Exercise objective >>
Copy out each entry precisely; no image belongs in the result.

Data provided >>

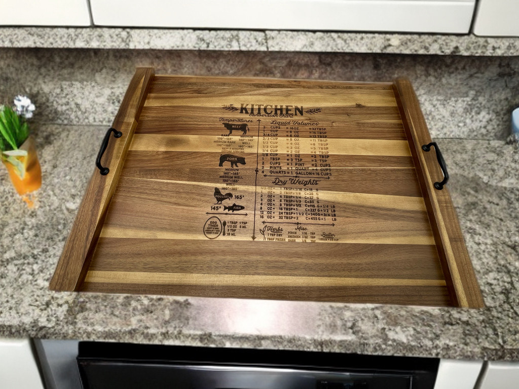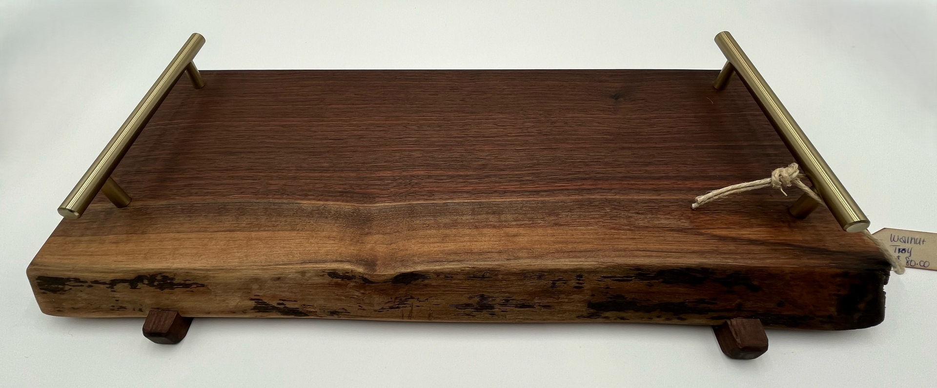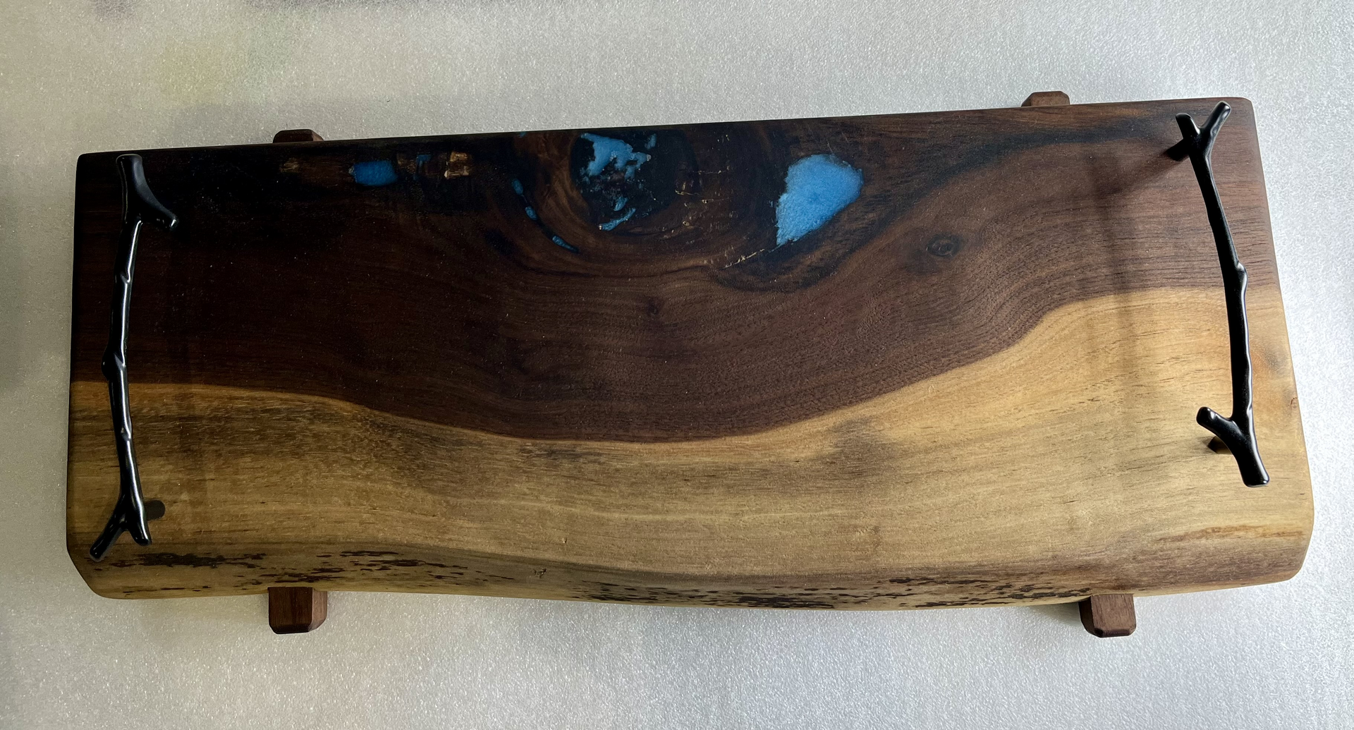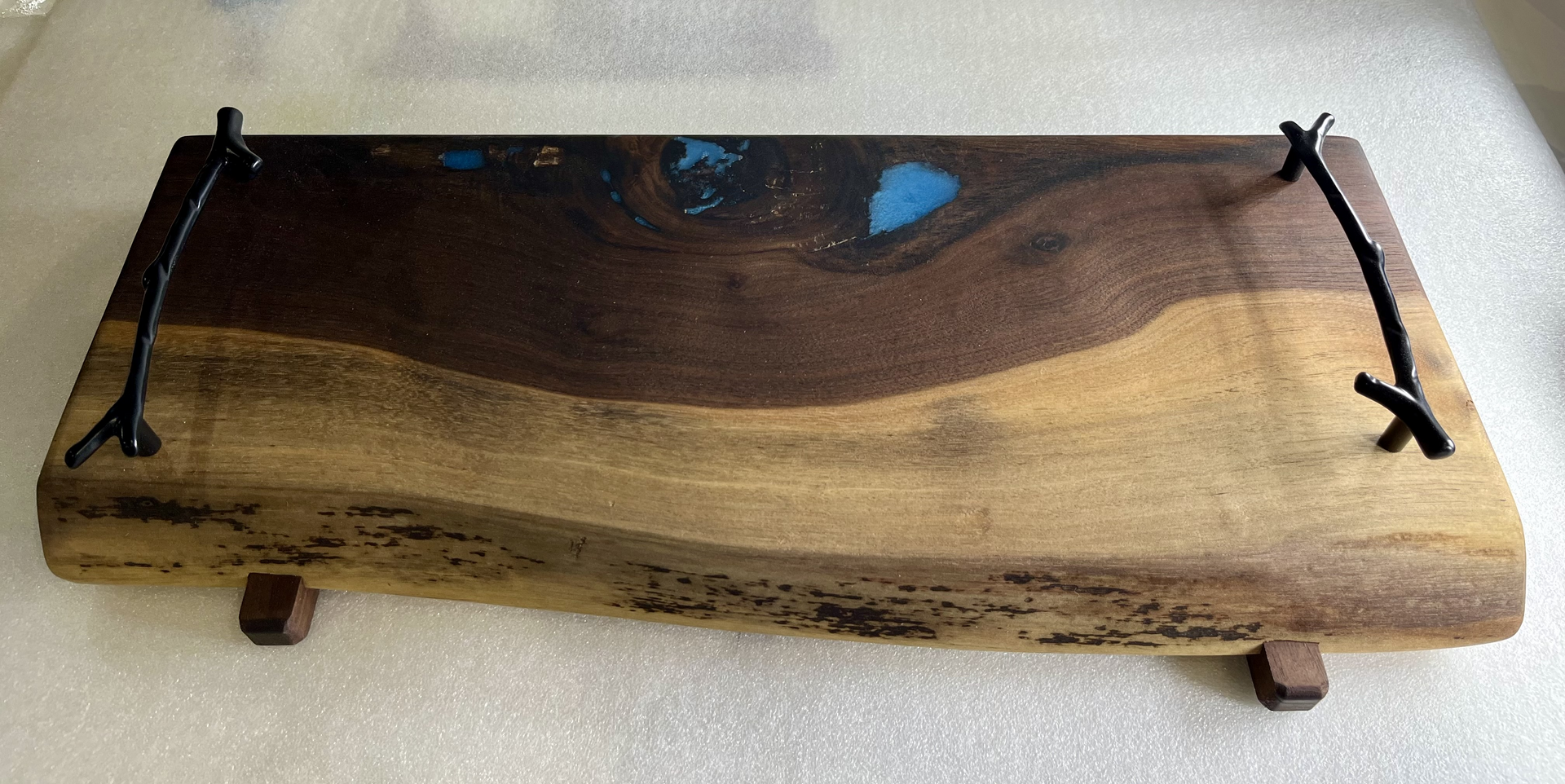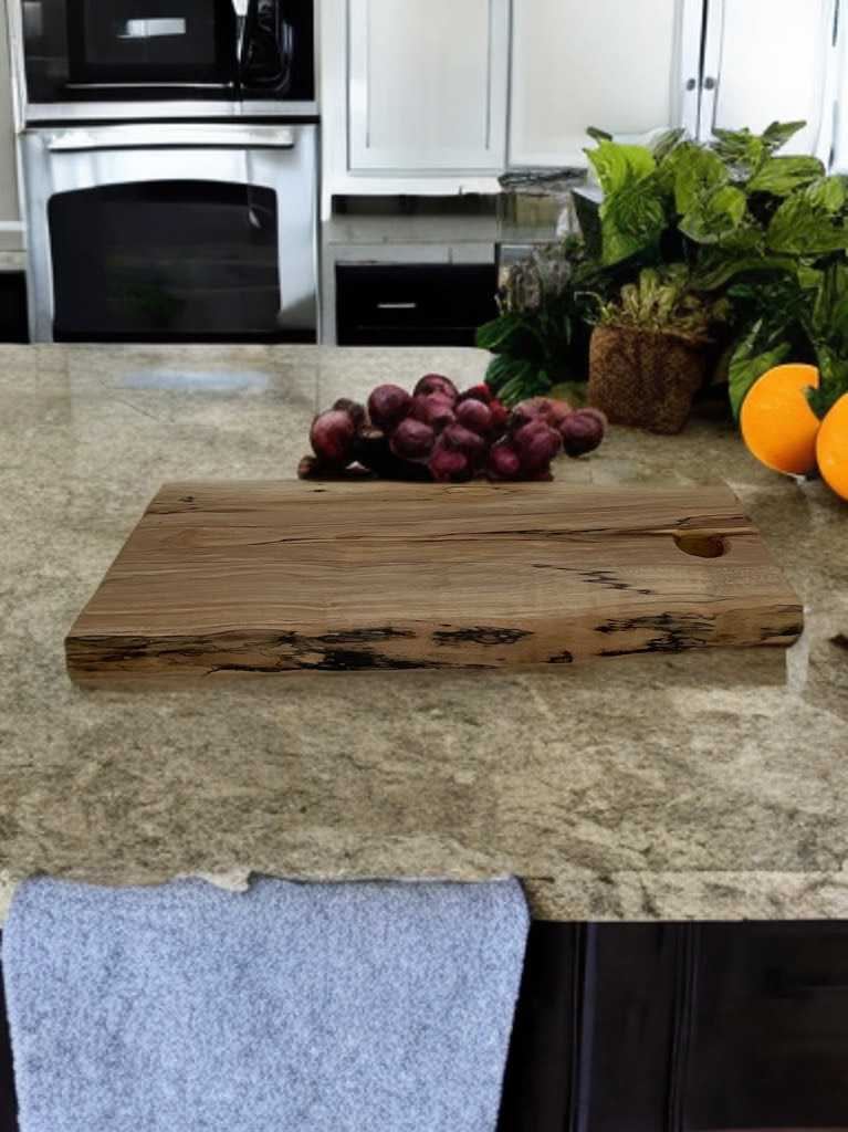 Padauk,Cherry, Lacewood, and Maple Cutting Board With Gold/Silver Handle
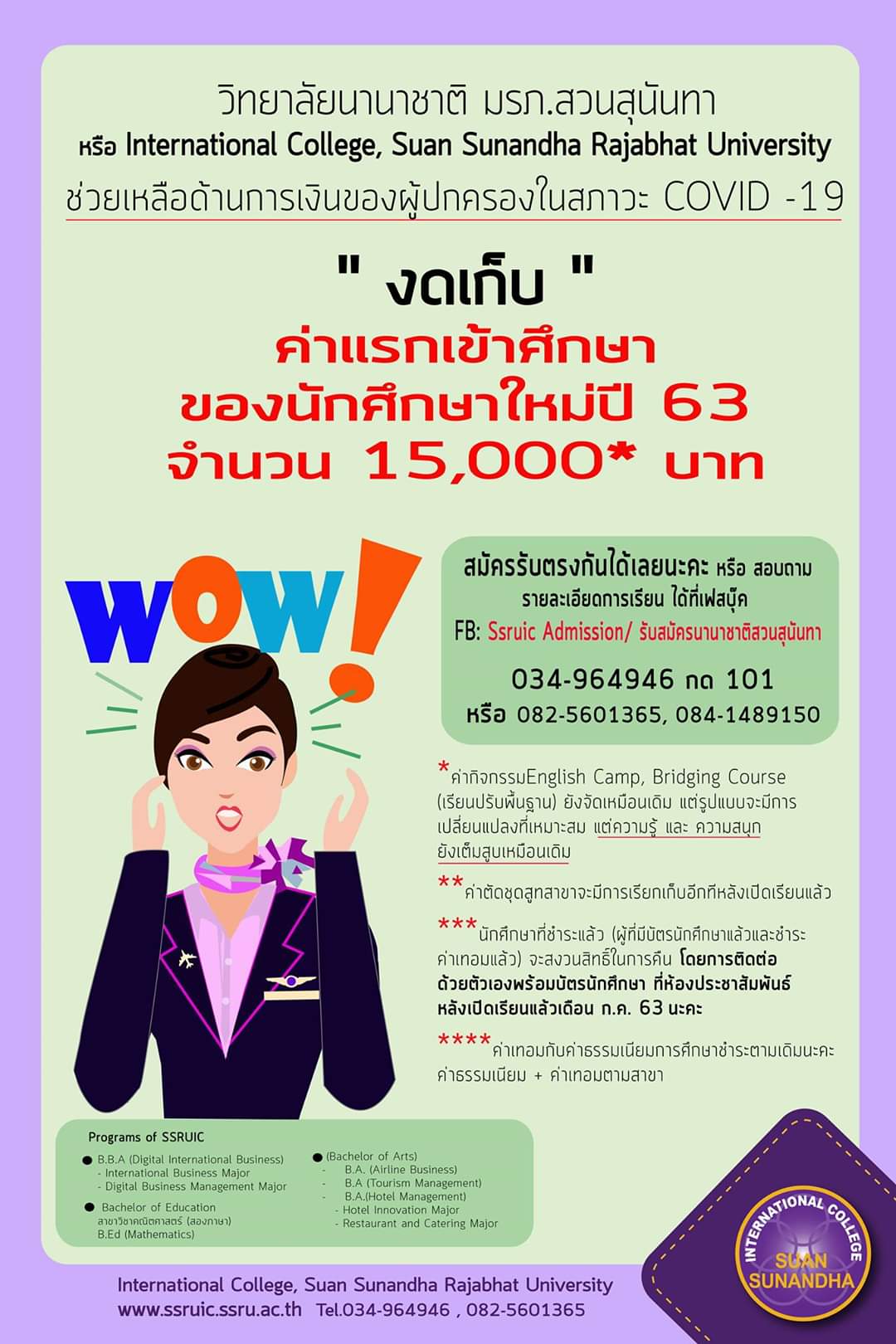 EZ Webmaster May 9, 2020 EZ Webmaster May 9, 2020 ข่าวดี! สำหรับน้องๆที่จะเข้าเรียนปี 63 นานาชาติ สวนสุนันทา ประกาศงดเก็บค่าแรกเข้าสำหรับนักศึกษาใหม่ปี 63 วิทยาลัยนานาชาติ ม.ราชภัฏสวนสุนันทา (International College, Suan Sunandha Rajabhat University) ประกาศงดเก็บค่าแรกเข้าสำหรับนักศึกษาใหม่ปี 63 เพื่อเป็นการลดค่าใช้จ่ายให้กับผู้ปกครองช่วงสภาวะ COVID-19 เป็นเงิน 15,000 บาท (ค่ากิจกรรมอิงลิชแคมป์ ค่าเรียนปรับพื้นฐาน กิจกรรมต่างๆ ทั้งนี้จะยังจัดให้เหมือนเดิม สนุกเหมือนเดิม ปรับเปลี่ยนรูปแบบไปบ้าง เท่ากับน้องๆเรียนปรับพื้นฐานฟรี อิงลิชแคมป์ฟรี กันเลยทีเดียว) น้องๆ แค่เสียค่าธรรมเนียมการศึกษาตลอดการศึกษา ไม่เกิน 5,000 บาท(โดยประมาณ) + ค่าเทอมตามสาขา รีบสมัครและรับสิทธิ์ทันที ได้ที่ shorturl.at/jswO3 #dek63 #SSRUIC
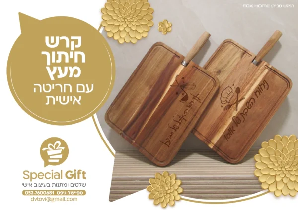 קרש חיתוך מעץ כולל סכין בתוספת חריטה מרשימה
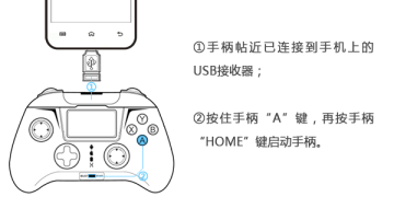 B.手机和USB无线接收器连接之后,将手柄帖近接收器(尽量减少其他信号干扰)按住手柄的“A”键,再按手柄的“HOME”键启动手柄进行连接(与蓝牙的连接启动方式一致)。
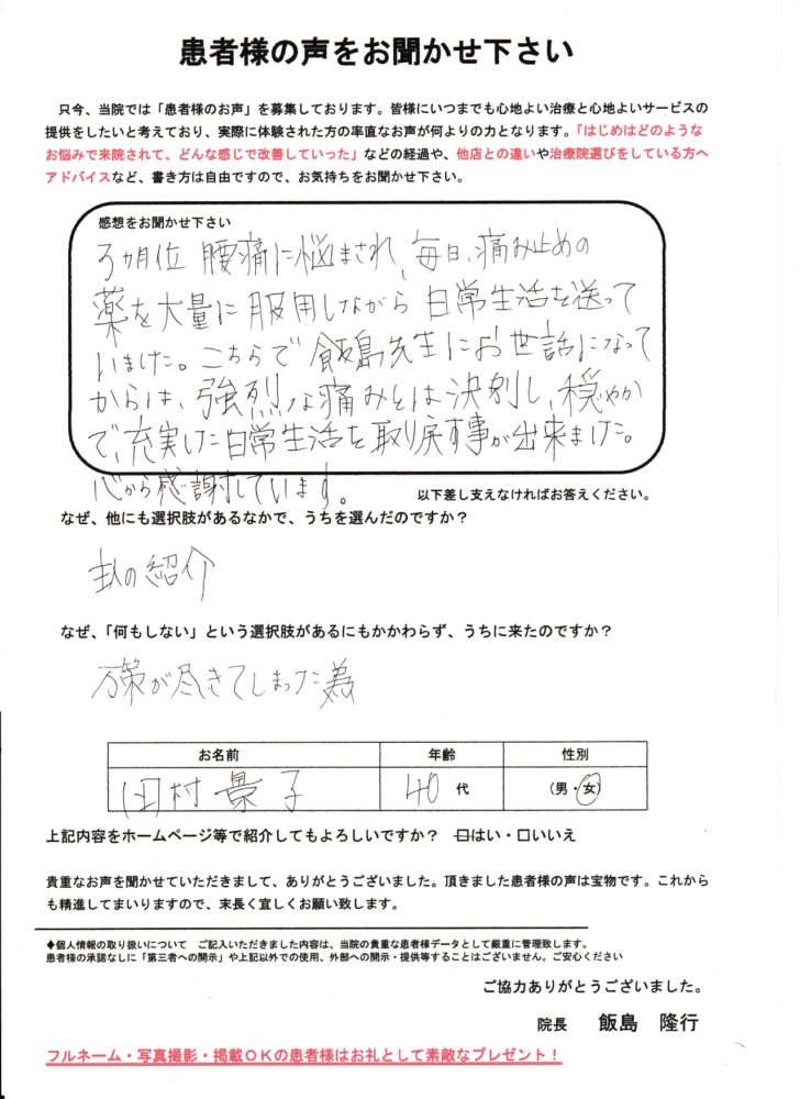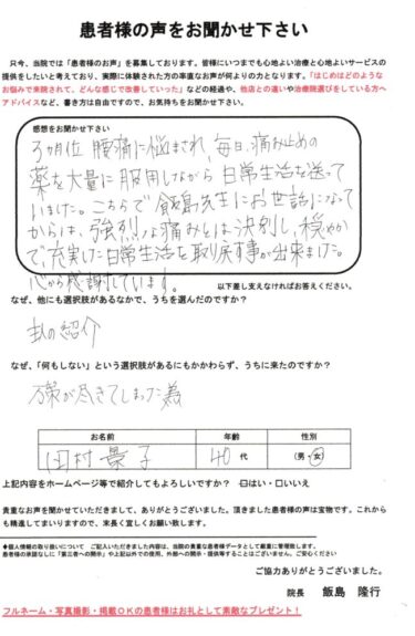 三か月位腰痛に悩まされ、痛み痺れに耐えながら毎日痛み止めの薬を大量に服用しながら日常生活を送っていました。こちらで飯島先生にお世話になってからは、強烈な痛みとは決別し、穏やかで充実した日常生活を取り戻す事ができました。
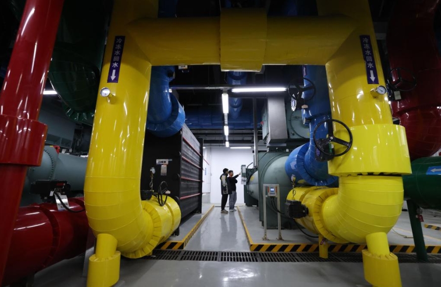 Ingenieure patrouillieren in der Kühlstation eines intelligenten Rechenzentrums von China Telecom im Beijing-Tianjin Industrial New City Gaocun Data Intelligence Innovation Park im nordchinesischen Tianjin, 26. Februar 2026. (Quelle: Xinhua/Sun Fanyue)
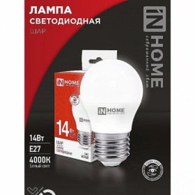 Лампа светодиод IN HOME LED-Шар-VC 14W 230V E14 4000K 1330Лм /100
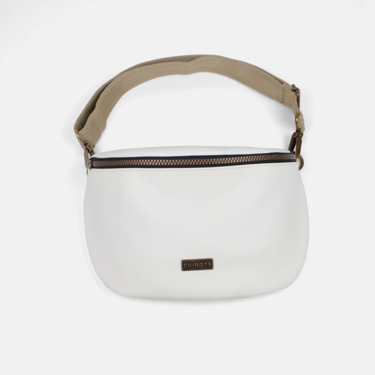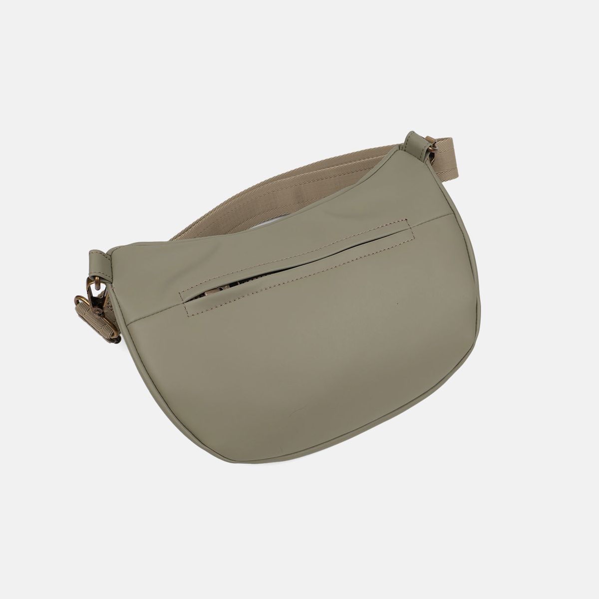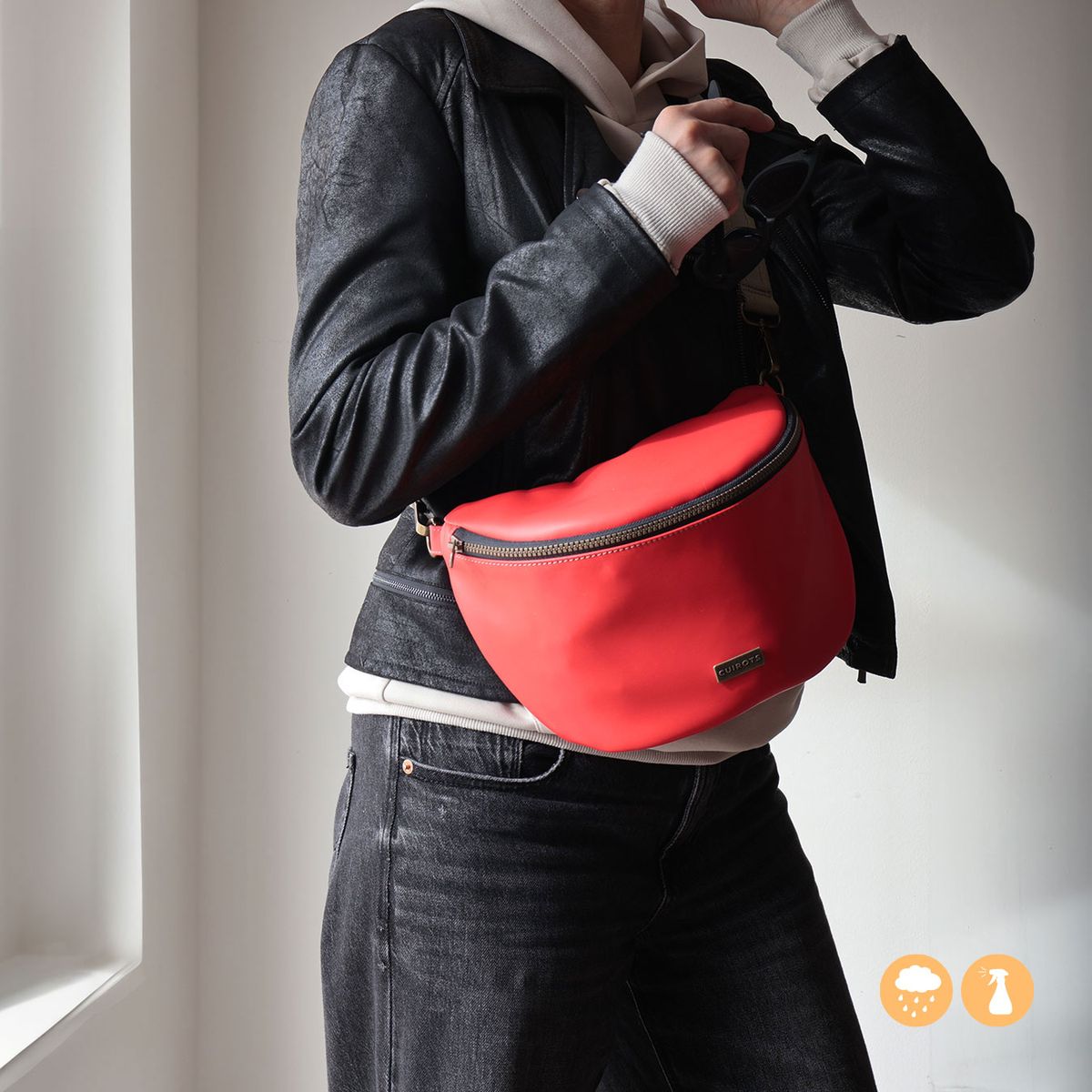 Bolsa transversal de tamanho médio com design de pochete. Feita de silicone 100% vegano, um material muito leve, macio, resistente a manchas e fácil de limpar. Resistente à água.
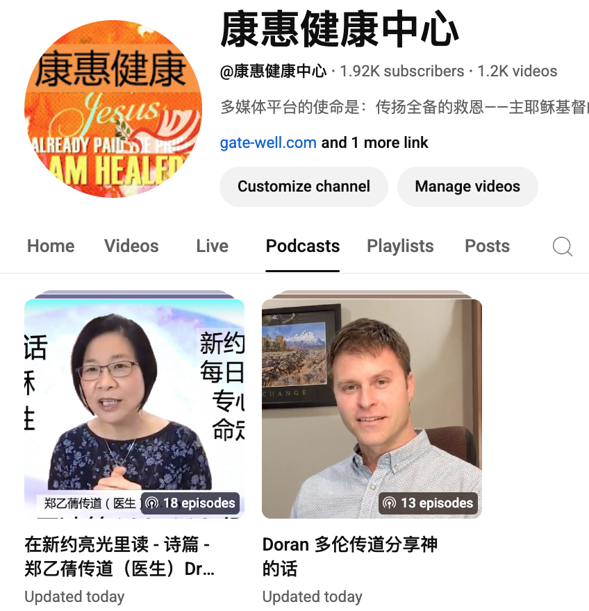 我们油管的医治与播客博客开始了!主页页面的一排菜单上你可以看见“播客”Podcast标签,点击就可以进去看看有什么适合你听的播客客了!以后我们会陆续更新加添许多郑乙蒨传道(医生) Dr Joyce Teh 和其他讲员的录音。谢谢你们来访!
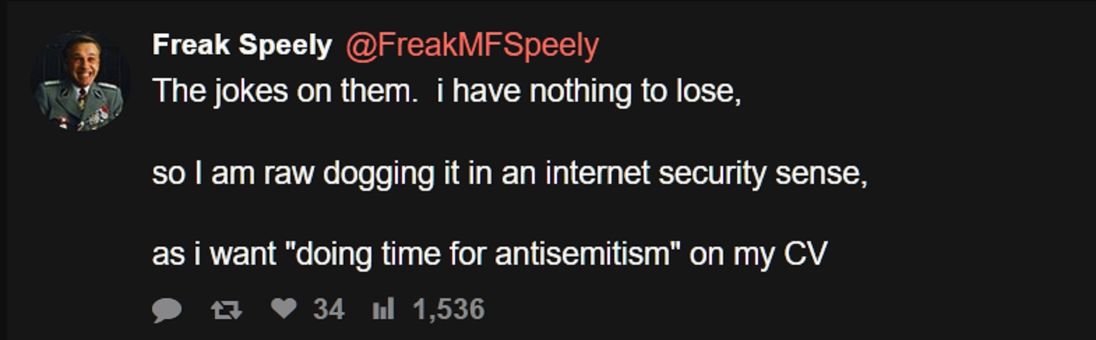 >>529625642I shit post on xtter, as well as on here obviously. The Palantir jew is well aware I'm a right wing crank and antisemite. Like I actually give two shits. HEIL HITLER

Solution >>
 Padauk,Cherry, Lacewood, and Maple Cutting Board With Gold/Silver Handle
 EZ Webmaster May 9, 2020 EZ Webmaster May 9, 2020 ข่าวดี! สำหรับน้องๆที่จะเข้าเรียนปี 63 นานาชาติ สวนสุนันทา ประกาศงดเก็บค่าแรกเข้าสำหรับนักศึกษาใหม่ปี 63 วิทยาลัยนานาชาติ ม.ราชภัฏสวนสุนันทา (International College, Suan Sunandha Rajabhat University) ประกาศงดเก็บค่าแรกเข้าสำหรับนักศึกษาใหม่ปี 63 เพื่อเป็นการลดค่าใช้จ่ายให้กับผู้ปกครองช่วงสภาวะ COVID-19 เป็นเงิน 15,000 บาท (ค่ากิจกรรมอิงลิชแคมป์ ค่าเรียนปรับพื้นฐาน กิจกรรมต่างๆ ทั้งนี้จะยังจัดให้เหมือนเดิม สนุกเหมือนเดิม ปรับเปลี่ยนรูปแบบไปบ้าง เท่ากับน้องๆเรียนปรับพื้นฐานฟรี อิงลิชแคมป์ฟรี กันเลยทีเดียว) น้องๆ แค่เสียค่าธรรมเนียมการศึกษาตลอดการศึกษา ไม่เกิน 5,000 บาท(โดยประมาณ) + ค่าเทอมตามสาขา รีบสมัครและรับสิทธิ์ทันที ได้ที่ shorturl.at/jswO3 #dek63 #SSRUIC
 קרש חיתוך מעץ כולל סכין בתוספת חריטה מרשימה
 B.手机和USB无线接收器连接之后,将手柄帖近接收器(尽量减少其他信号干扰)按住手柄的“A”键,再按手柄的“HOME”键启动手柄进行连接(与蓝牙的连接启动方式一致)。
 三か月位腰痛に悩まされ、痛み痺れに耐えながら毎日痛み止めの薬を大量に服用しながら日常生活を送っていました。こちらで飯島先生にお世話になってからは、強烈な痛みとは決別し、穏やかで充実した日常生活を取り戻す事ができました。
 Ingenieure patrouillieren in der Kühlstation eines intelligenten Rechenzentrums von China Telecom im Beijing-Tianjin Industrial New City Gaocun Data Intelligence Innovation Park im nordchinesischen Tianjin, 26. Februar 2026. (Quelle: Xinhua/Sun Fanyue)
 Лампа светодиод IN HOME LED-Шар-VC 14W 230V E14 4000K 1330Лм /100
 Bolsa transversal de tamanho médio com design de pochete. Feita de silicone 100% vegano, um material muito leve, macio, resistente a manchas e fácil de limpar. Resistente à água.
 我们油管的医治与播客博客开始了!主页页面的一排菜单上你可以看见“播客”Podcast标签,点击就可以进去看看有什么适合你听的播客客了!以后我们会陆续更新加添许多郑乙蒨传道(医生) Dr Joyce Teh 和其他讲员的录音。谢谢你们来访!
 >>529625642I shit post on xtter, as well as on here obviously. The Palantir jew is well aware I'm a right wing crank and antisemite. Like I actually give two shits. HEIL HITLER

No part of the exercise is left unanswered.